* Material for this exercise:
:::::
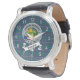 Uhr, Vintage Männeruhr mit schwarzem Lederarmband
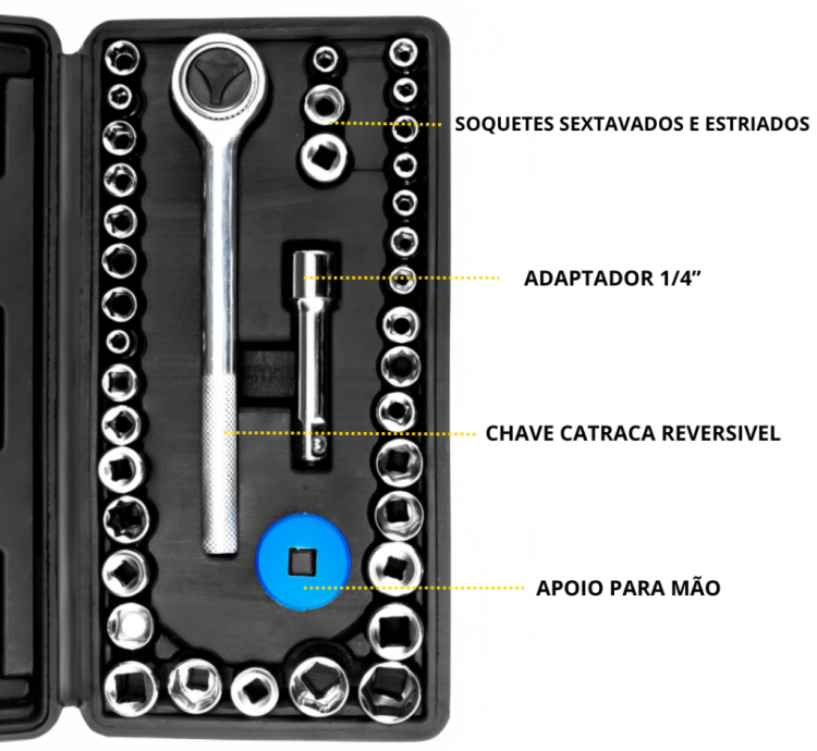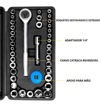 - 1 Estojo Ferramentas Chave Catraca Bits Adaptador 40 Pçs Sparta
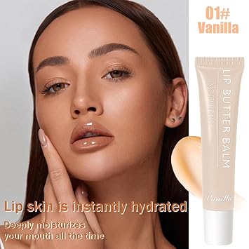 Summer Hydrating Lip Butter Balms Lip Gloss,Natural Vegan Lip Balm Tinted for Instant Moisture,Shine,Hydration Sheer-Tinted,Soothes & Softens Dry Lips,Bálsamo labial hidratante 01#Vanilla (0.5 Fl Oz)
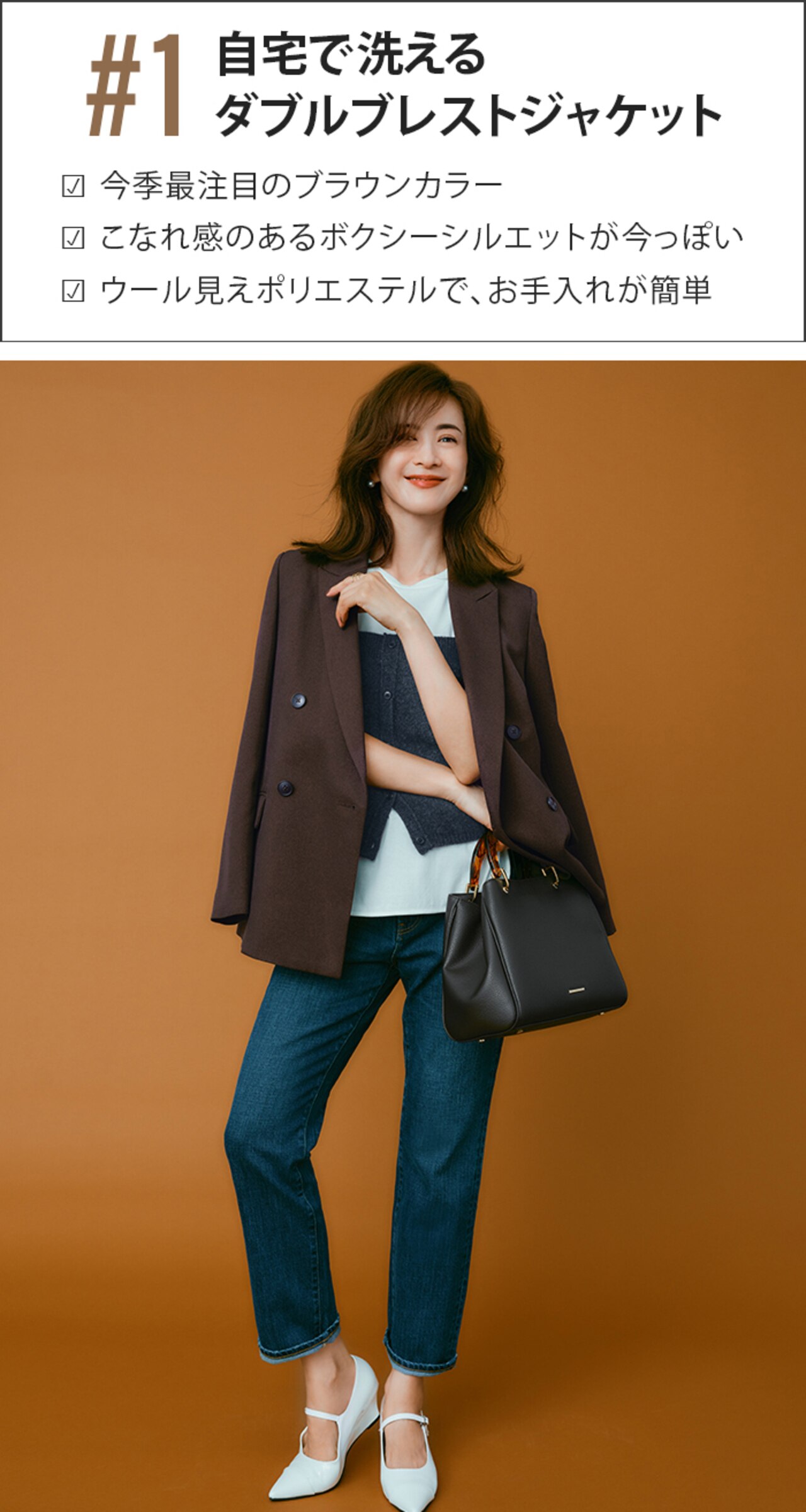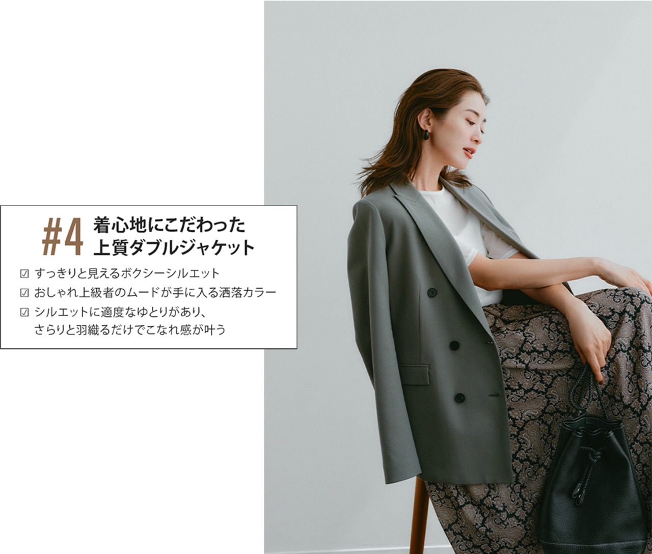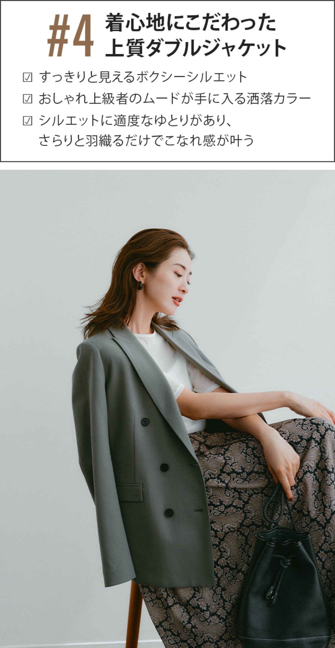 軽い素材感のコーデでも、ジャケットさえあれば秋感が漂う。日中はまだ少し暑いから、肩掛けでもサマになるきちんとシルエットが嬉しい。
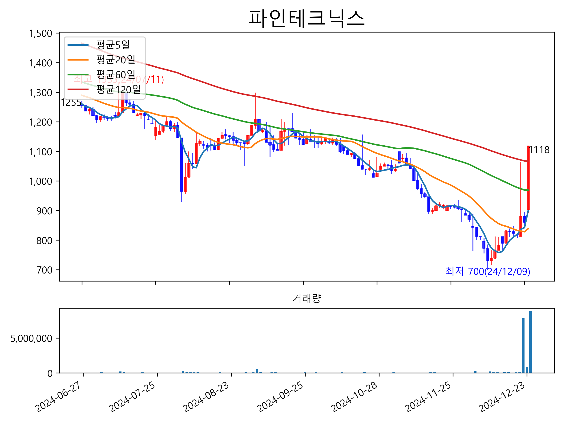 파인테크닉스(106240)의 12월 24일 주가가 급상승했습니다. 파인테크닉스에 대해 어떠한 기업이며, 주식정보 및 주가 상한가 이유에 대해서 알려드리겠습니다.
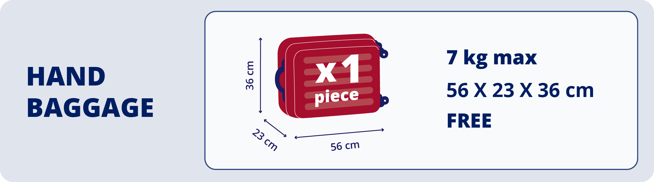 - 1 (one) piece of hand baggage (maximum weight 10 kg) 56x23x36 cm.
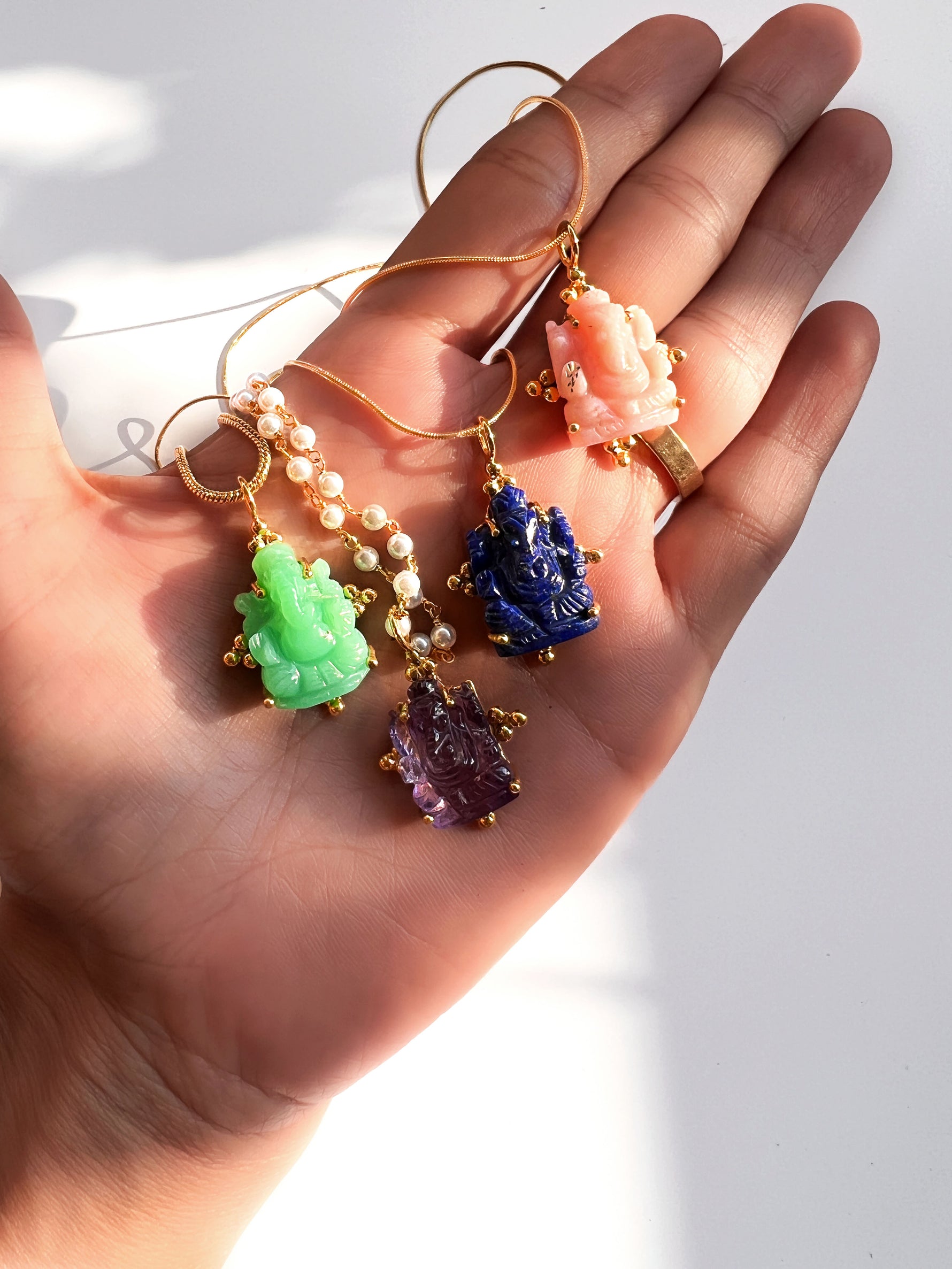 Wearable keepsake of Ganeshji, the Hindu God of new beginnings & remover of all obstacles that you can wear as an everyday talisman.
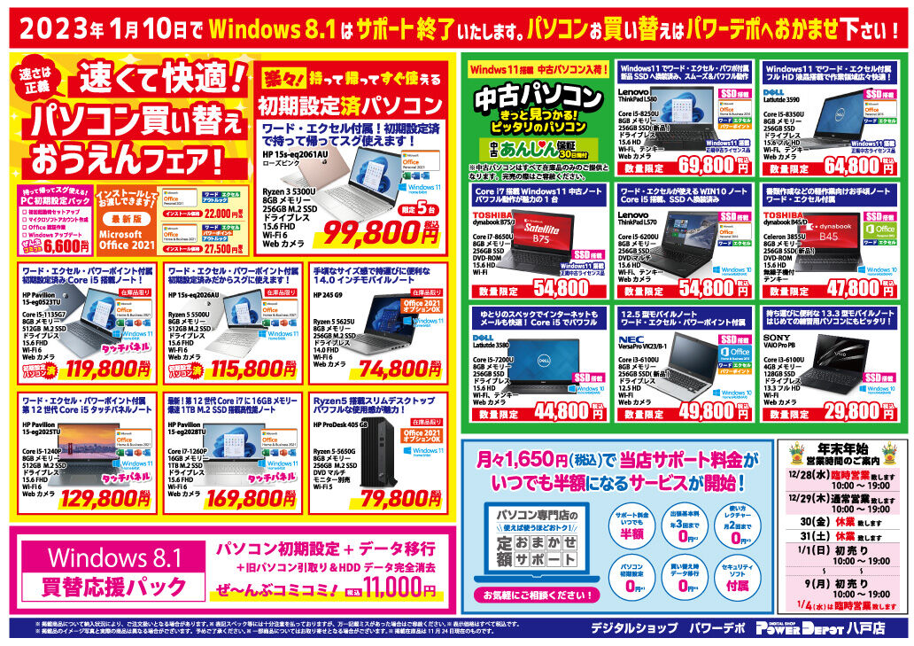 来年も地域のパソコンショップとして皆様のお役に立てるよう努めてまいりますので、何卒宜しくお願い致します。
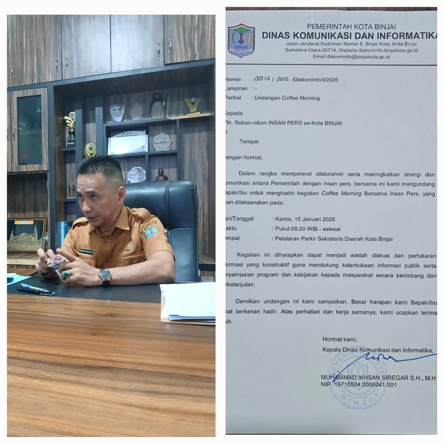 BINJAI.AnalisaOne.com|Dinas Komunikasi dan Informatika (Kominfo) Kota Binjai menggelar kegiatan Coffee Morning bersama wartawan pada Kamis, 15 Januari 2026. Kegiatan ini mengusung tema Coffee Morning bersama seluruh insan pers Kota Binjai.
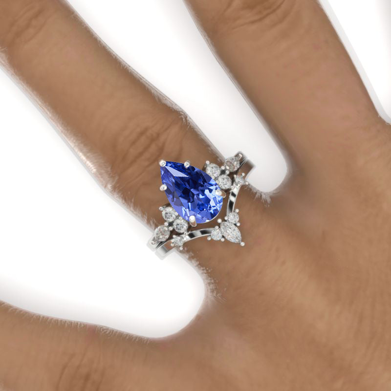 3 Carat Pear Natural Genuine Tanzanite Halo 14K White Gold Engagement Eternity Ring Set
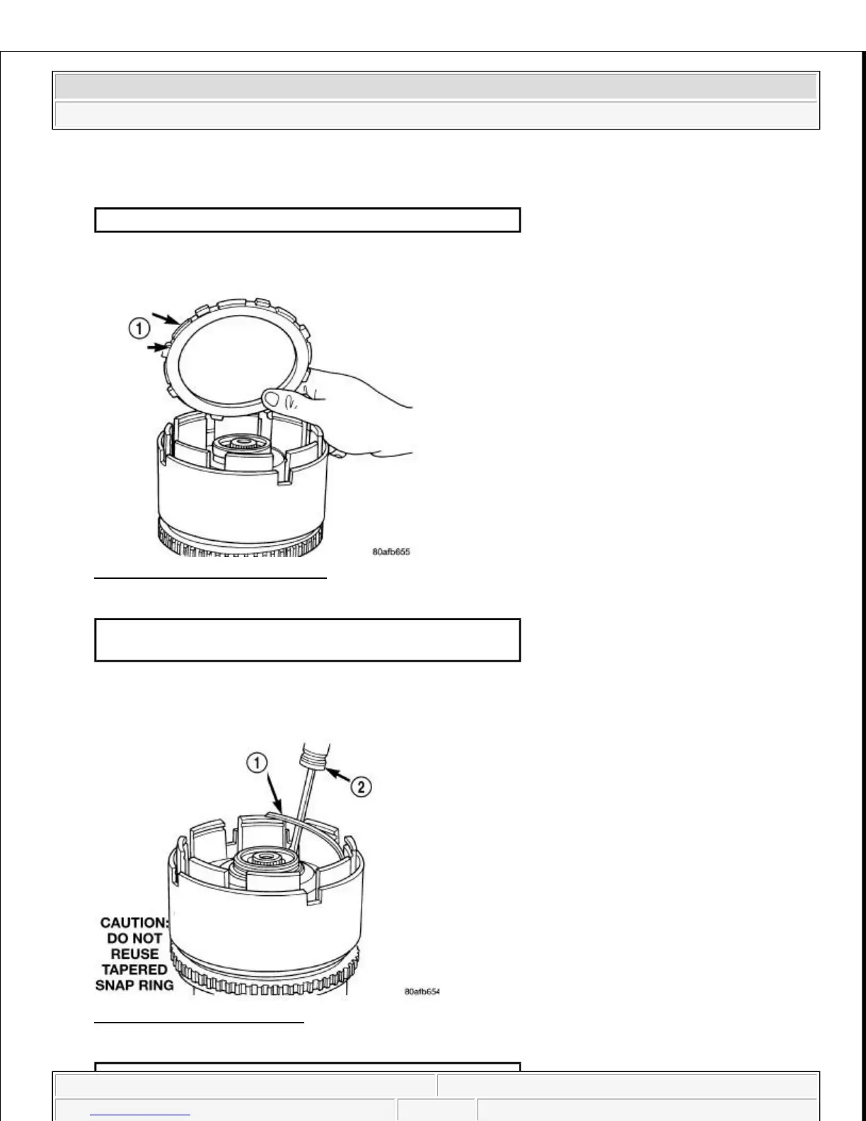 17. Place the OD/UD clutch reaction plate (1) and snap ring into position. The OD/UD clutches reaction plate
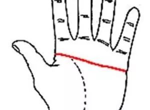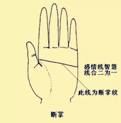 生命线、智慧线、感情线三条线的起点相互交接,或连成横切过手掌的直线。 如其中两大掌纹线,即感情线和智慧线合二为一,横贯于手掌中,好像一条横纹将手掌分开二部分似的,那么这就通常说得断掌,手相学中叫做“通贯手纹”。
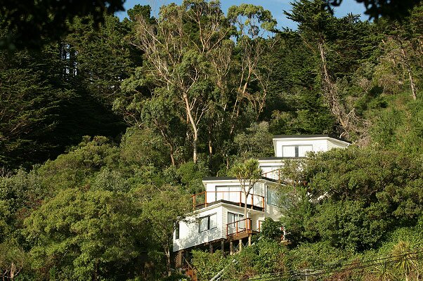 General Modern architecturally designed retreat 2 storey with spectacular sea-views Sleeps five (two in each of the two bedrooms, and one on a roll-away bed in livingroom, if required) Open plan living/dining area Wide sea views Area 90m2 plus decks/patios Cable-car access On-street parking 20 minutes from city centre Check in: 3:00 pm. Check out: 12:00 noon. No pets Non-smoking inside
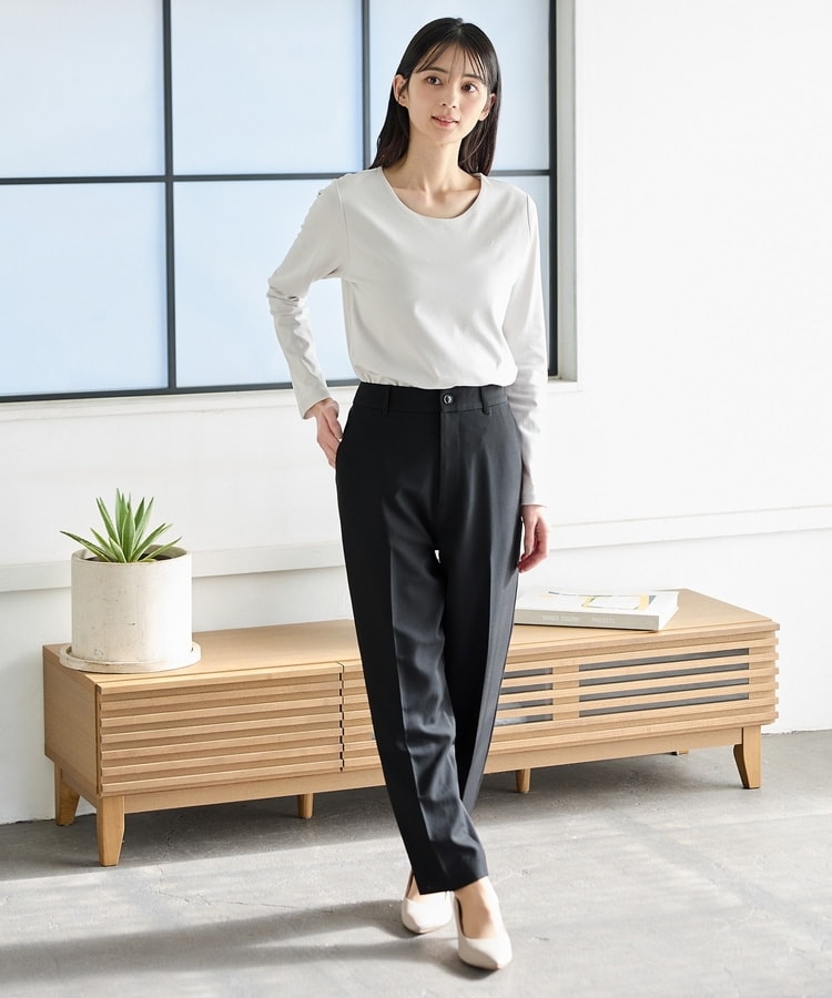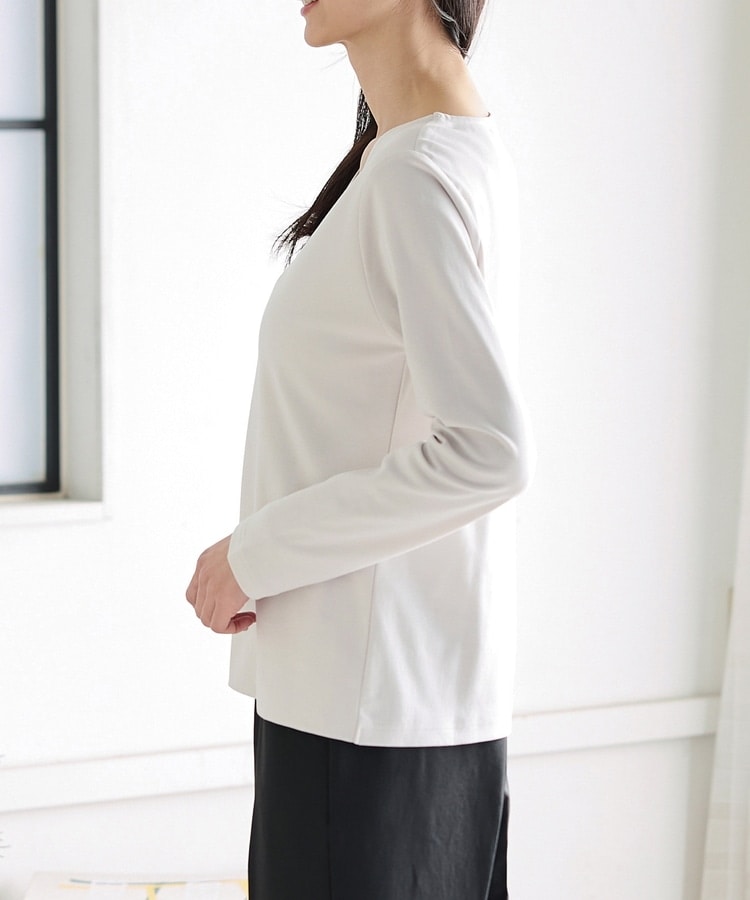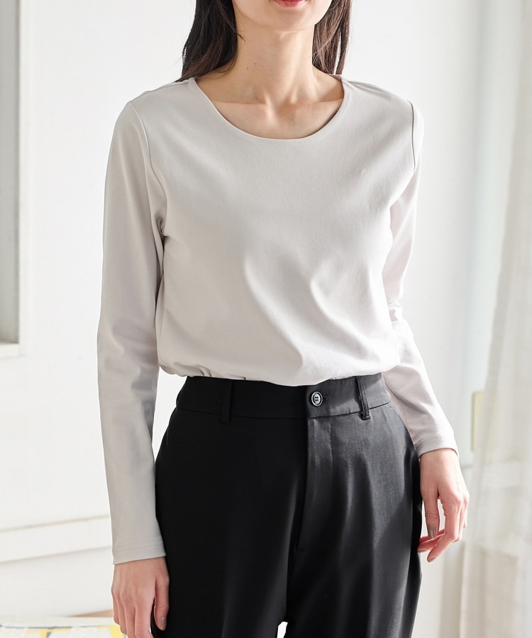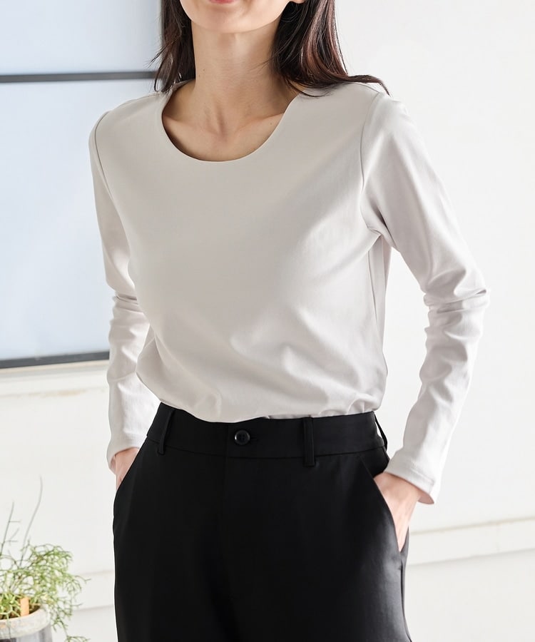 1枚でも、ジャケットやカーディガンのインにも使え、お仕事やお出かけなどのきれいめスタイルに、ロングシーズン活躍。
:::::
Your answer must be an exact copy of the lines from the line with "生命线、智慧线、感情线三条线" to the final line of the data, both ends included, and no pictures.

* Exercise output:
 生命线、智慧线、感情线三条线的起点相互交接,或连成横切过手掌的直线。 如其中两大掌纹线,即感情线和智慧线合二为一,横贯于手掌中,好像一条横纹将手掌分开二部分似的,那么这就通常说得断掌,手相学中叫做“通贯手纹”。
 General Modern architecturally designed retreat 2 storey with spectacular sea-views Sleeps five (two in each of the two bedrooms, and one on a roll-away bed in livingroom, if required) Open plan living/dining area Wide sea views Area 90m2 plus decks/patios Cable-car access On-street parking 20 minutes from city centre Check in: 3:00 pm. Check out: 12:00 noon. No pets Non-smoking inside
 1枚でも、ジャケットやカーディガンのインにも使え、お仕事やお出かけなどのきれいめスタイルに、ロングシーズン活躍。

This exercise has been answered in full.